Zoo3D: Zero-Shot 3D Object Detection at Scene Level
Andrey Lemeshko, Bulat Gabdullin, Nikita Drozdov, Anton Konushin, Danila Rukhovich, Maksim Kolodiazhnyi
TL;DR
Zoo3D presents the first training-free, open-vocabulary 3D object detection framework operating at the scene level. It splits detection into a class-agnostic 3D box predictor, derived from MaskClustering, and an open-vocabulary label assignment module that leverages CLIP and SAM, enabling zero-shot Zoo3D0 alongside self-supervised Zoo3D1. The approach extends to posed and unposed multi-view images by incorporating DUSt3R to bridge 2D and 3D representations, allowing image-only inference without ground-truth poses.

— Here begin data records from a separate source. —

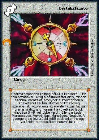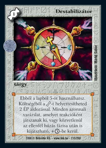 Kiadás: Chara-din visszatér, Túlélők Földje Gyakoriság: nem gyakori Lapszín (isten): Színtelen Típus: tárgy Szöveg: Szörnykomponens költség nélkül is kirakható, 2 ÉP feláldozásával. Amíg a destabilizátor aktív, minden azonnali varázslat, amelynek a szövegében a "közvetlenül azután játszhatod ki" szöveg szerepel, ill. közvetlenül az ellenfél húzás fázisa után is kijátszható, valamint a következő lapok kihozása 5 VP-vel többe kerül: Ellenvarázslat, Manacsapda, Agybénítás, Manaégés, Negáció, A gyenge ereje (ez utóbbi kettő csak akkor, ha egy varázslatra, reakcióként használták). Illusztráció: Markó Gábor
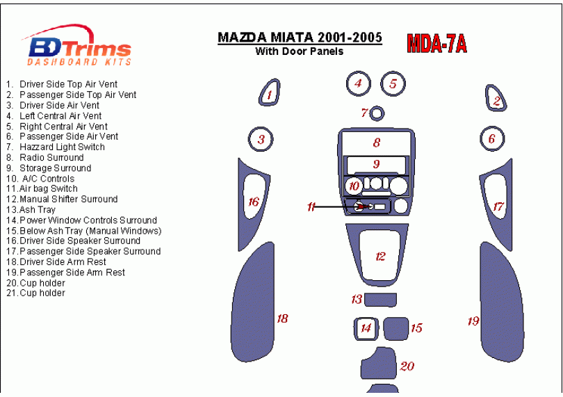 Mazda Miata 2001 - 2005 Dash Trim Kit
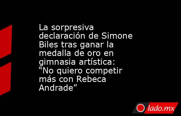 Luego de la consagración, Biles admitió que su principal competidora, Rebeca Andrade, le generó estrés con su actuación y la obligó a dar lo mejor de sí para quedar en lo más alto del podio: “Significa muchísimo para mí y es una locura. No quiero competir con Rebecca. No más. Estoy cansada como si ella estuviera demasiado cerca. Nunca he tenido una atleta tan cerca”.

Across ScanNet-based benchmarks and ARKitScenes, Zoo3D achieves state-of-the-art open-vocabulary performance, often surpassing training-based methods in zero-shot and self-supervised settings, while highlighting the viability of training-free spatial understanding with off-the-shelf foundation models. The work opens avenues for faster, annotation-free 3D perception and motivates future improvements in reconstruction speed, segmentation quality, and label assignment efficiency.
Abstract
3D object detection is fundamental for spatial understanding. Real-world environments demand models capable of recognizing diverse, previously unseen objects, which remains a major limitation of closed-set methods. Existing open-vocabulary 3D detectors relax annotation requirements but still depend on training scenes, either as point clouds or images. We take this a step further by introducing Zoo3D, the first training-free 3D object detection framework. Our method constructs 3D bounding boxes via graph clustering of 2D instance masks, then assigns semantic labels using a novel open-vocabulary module with best-view selection and view-consensus mask generation. Zoo3D operates in two modes: the zero-shot Zoo3D$_0$, which requires no training at all, and the self-supervised Zoo3D$_1$, which refines 3D box prediction by training a class-agnostic detector on Zoo3D$_0$-generated pseudo labels. Furthermore, we extend Zoo3D beyond point clouds to work directly with posed and even unposed images. Across ScanNet200 and ARKitScenes benchmarks, both Zoo3D$_0$ and Zoo3D$_1$ achieve state-of-the-art results in open-vocabulary 3D object detection. Remarkably, our zero-shot Zoo3D$_0$ outperforms all existing self-supervised methods, hence demonstrating the power and adaptability of training-free, off-the-shelf approaches for real-world 3D understanding. Code is available at https://github.com/col14m/zoo3d .